■ **SOURCE DATA**:
=======

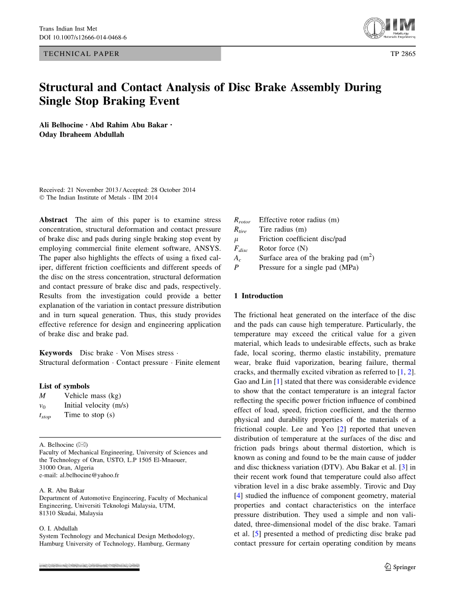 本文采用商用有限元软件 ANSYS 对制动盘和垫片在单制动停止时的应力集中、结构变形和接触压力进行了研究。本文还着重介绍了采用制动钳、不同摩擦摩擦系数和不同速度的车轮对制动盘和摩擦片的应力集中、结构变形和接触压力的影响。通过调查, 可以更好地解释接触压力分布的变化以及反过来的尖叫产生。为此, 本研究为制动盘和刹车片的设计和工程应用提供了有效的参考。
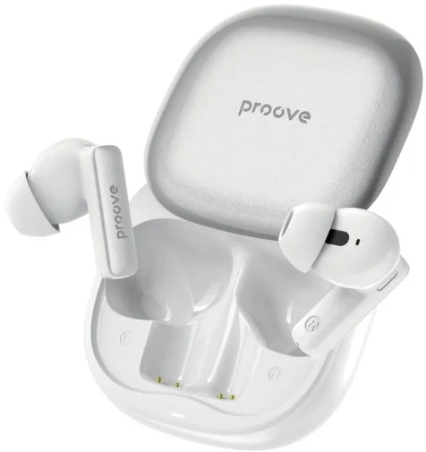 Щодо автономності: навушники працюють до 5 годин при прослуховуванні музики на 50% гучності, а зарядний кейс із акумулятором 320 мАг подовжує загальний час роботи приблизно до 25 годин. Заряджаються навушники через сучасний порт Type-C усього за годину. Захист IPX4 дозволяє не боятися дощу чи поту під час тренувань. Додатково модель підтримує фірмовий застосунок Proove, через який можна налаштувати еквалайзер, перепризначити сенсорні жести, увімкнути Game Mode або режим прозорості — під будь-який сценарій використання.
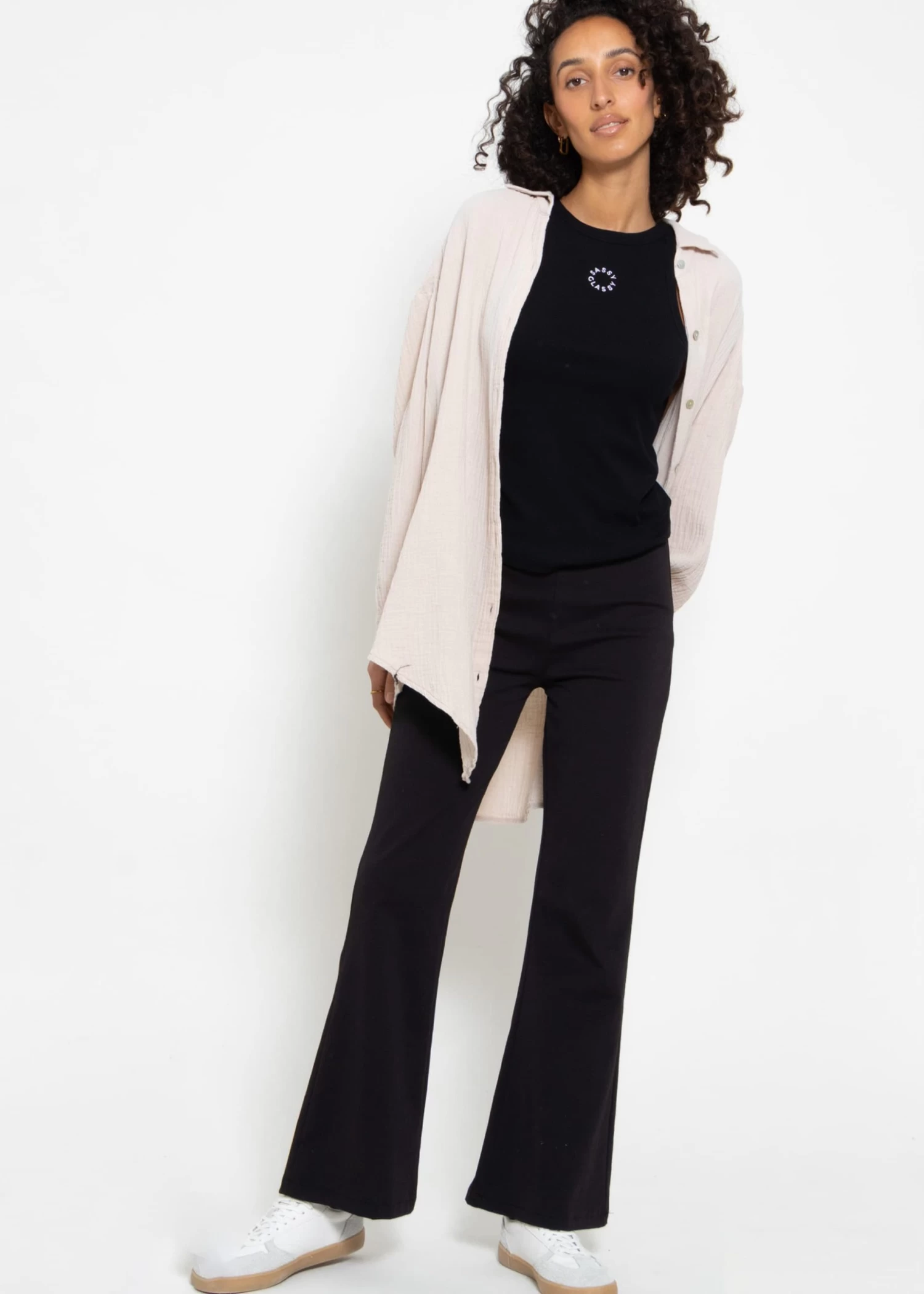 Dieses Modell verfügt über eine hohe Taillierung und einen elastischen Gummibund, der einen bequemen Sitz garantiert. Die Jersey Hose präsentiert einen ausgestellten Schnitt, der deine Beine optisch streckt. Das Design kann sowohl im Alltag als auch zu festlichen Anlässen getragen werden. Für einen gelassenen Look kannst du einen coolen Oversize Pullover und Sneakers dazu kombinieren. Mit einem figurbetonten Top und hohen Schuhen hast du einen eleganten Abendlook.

=======

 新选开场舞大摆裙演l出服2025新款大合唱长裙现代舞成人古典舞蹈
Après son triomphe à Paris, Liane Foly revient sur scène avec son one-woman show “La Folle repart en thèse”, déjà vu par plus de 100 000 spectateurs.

=======

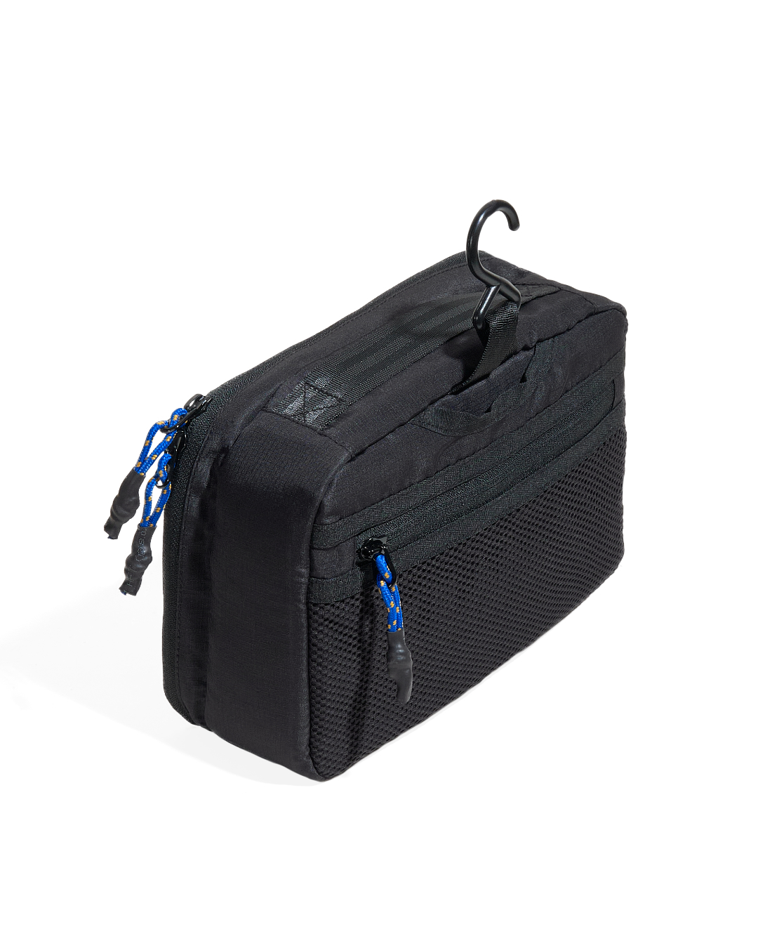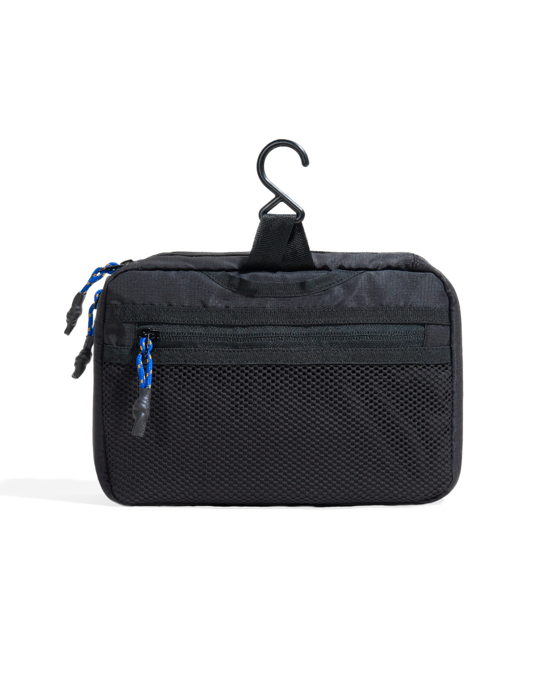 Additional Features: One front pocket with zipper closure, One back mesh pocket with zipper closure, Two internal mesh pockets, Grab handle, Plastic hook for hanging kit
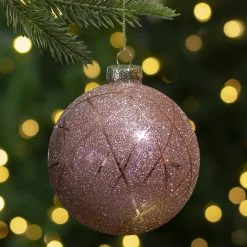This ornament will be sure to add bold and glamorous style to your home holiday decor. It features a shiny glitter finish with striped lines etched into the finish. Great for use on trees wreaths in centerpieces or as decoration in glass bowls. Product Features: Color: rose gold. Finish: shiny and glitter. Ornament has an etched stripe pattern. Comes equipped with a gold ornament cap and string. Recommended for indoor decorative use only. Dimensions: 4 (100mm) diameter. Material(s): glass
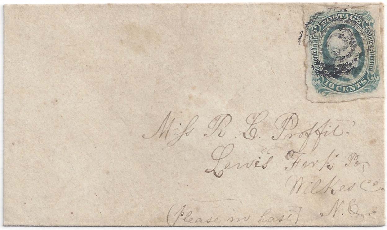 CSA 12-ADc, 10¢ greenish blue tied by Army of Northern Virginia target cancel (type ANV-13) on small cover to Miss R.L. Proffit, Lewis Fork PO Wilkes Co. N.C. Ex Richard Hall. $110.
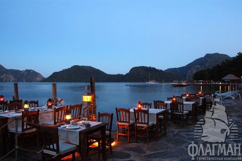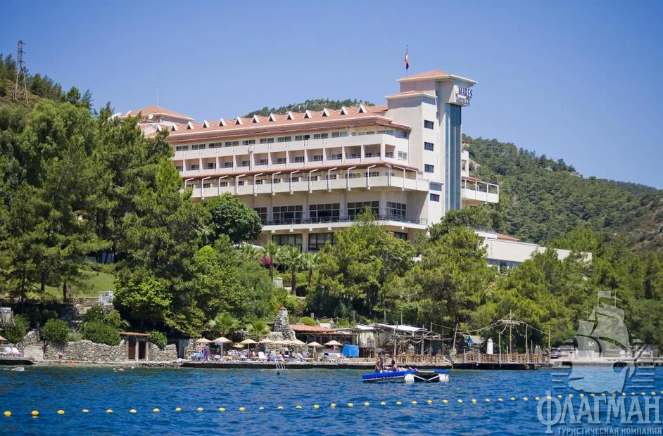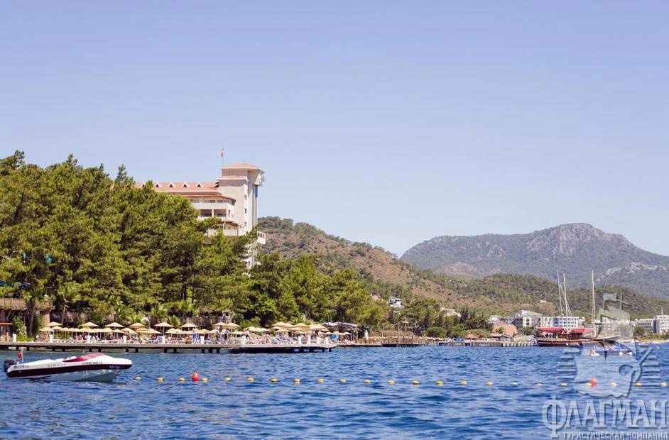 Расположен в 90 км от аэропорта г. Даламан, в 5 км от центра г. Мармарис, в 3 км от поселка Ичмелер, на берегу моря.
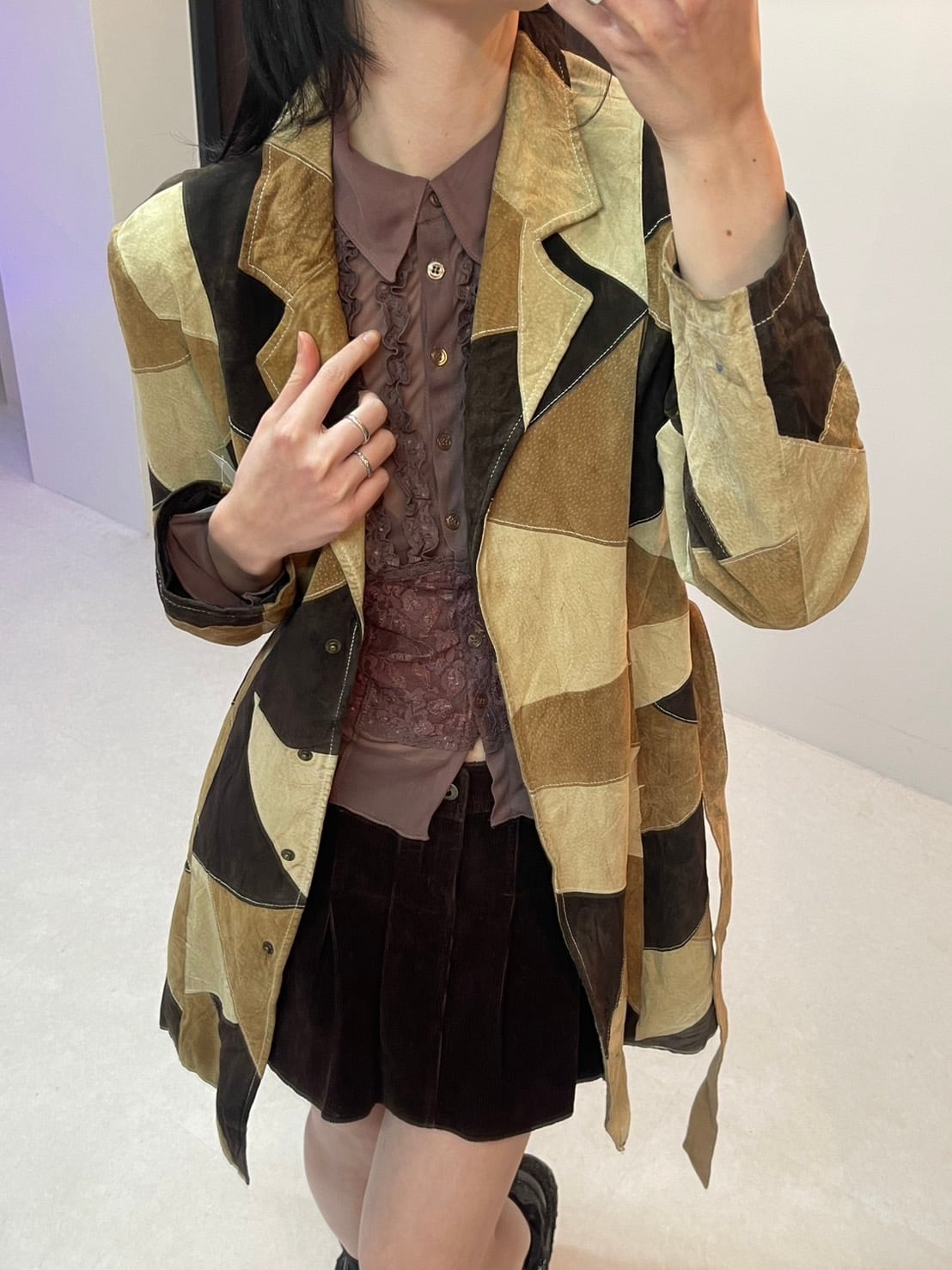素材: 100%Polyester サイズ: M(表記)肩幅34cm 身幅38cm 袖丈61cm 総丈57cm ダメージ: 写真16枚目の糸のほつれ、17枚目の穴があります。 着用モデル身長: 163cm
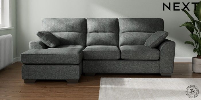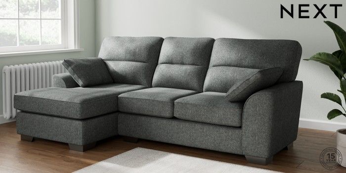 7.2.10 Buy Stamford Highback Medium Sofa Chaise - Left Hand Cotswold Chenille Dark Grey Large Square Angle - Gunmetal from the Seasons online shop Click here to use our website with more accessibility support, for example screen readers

=======

■ **WHAT IS REQUIRED**:
Write out exactly the run of lines above that starts at the line containing "素材: 100%Polyester サイズ: M(表記)肩幅34cm" and ends at the line containing "7.2.10 Buy Stamford". Include both, and leave the pictures out.

■ **RESPONSE TO THIS EXERCISE**:
素材: 100%Polyester サイズ: M(表記)肩幅34cm 身幅38cm 袖丈61cm 総丈57cm ダメージ: 写真16枚目の糸のほつれ、17枚目の穴があります。 着用モデル身長: 163cm
 7.2.10 Buy Stamford Highback Medium Sofa Chaise - Left Hand Cotswold Chenille Dark Grey Large Square Angle - Gunmetal from the Seasons online shop Click here to use our website with more accessibility support, for example screen readers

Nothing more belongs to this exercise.